Actor Daniel Craig Designated United Nations Global Advocate for Elimination of Mines and Other Explosive Hazards

PI/2120
14 April 2015

Actor Daniel Craig Designated United Nations Global Advocate for Elimination of Mines and Other Explosive Hazards

The Secretary-General of the United Nations designated the actor Daniel Craig as the first United Nations Global Advocate for the Elimination of Mines and other Explosive Hazards today.

At a brief ceremony at United Nations Headquarters, one of many events organized to observe the tenth anniversary of the International Day for Mine Awareness and Assistance in Mine Action, the Secretary-General thanked Mr. Craig for his commitment to support the UN vision of “a world free from the threat of landmines and explosive remnants of war”.

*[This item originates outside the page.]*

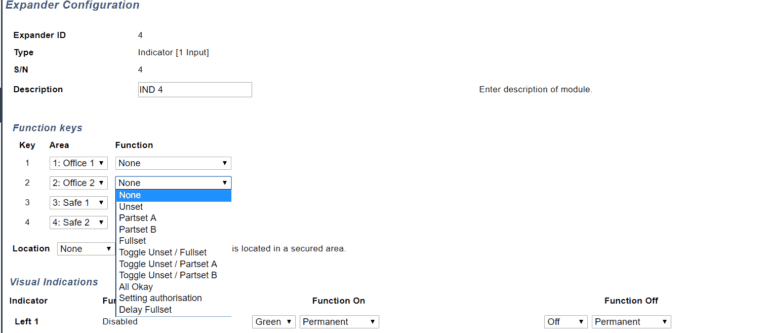 The buttons on the indication module can be configured to perform many tasks, a button can be configured to Part Set an area or alternatively to toggle between Part Set and unset.

The Secretary-General expressed hope that Mr. Craig would raise public awareness about United Nations mine action efforts, visit mine action programmes worldwide and assist in raising political and financial support.

“Along with moviegoers worldwide, I have been on the edge of my seat watching Mr. Craig, as James Bond, defuse ticking time-bombs with seconds to spare.  I am even more excited that Mr. Craig has agreed to use his star power to draw attention to the noble causes of mine destruction and mine awareness,” stated the Secretary-General.  “As 007, Mr. Craig had a licence to kill.  Today, we are giving him a licence to save.”  

Mr. Craig said that he was humbled by the designation.  “The briefing from the Secretary-General, and from all of the United Nations staff I have met, demonstrated the enormity of the task,” he said.  “The use of improvised explosive devices in Iraq, Somalia and Mali; the widespread use of barrel bombs in Syria, and the landmine contamination in Cambodia, Colombia and Afghanistan must all be addressed simultaneously.  It is a big job.  The United Nations needs political and financial support to succeed.”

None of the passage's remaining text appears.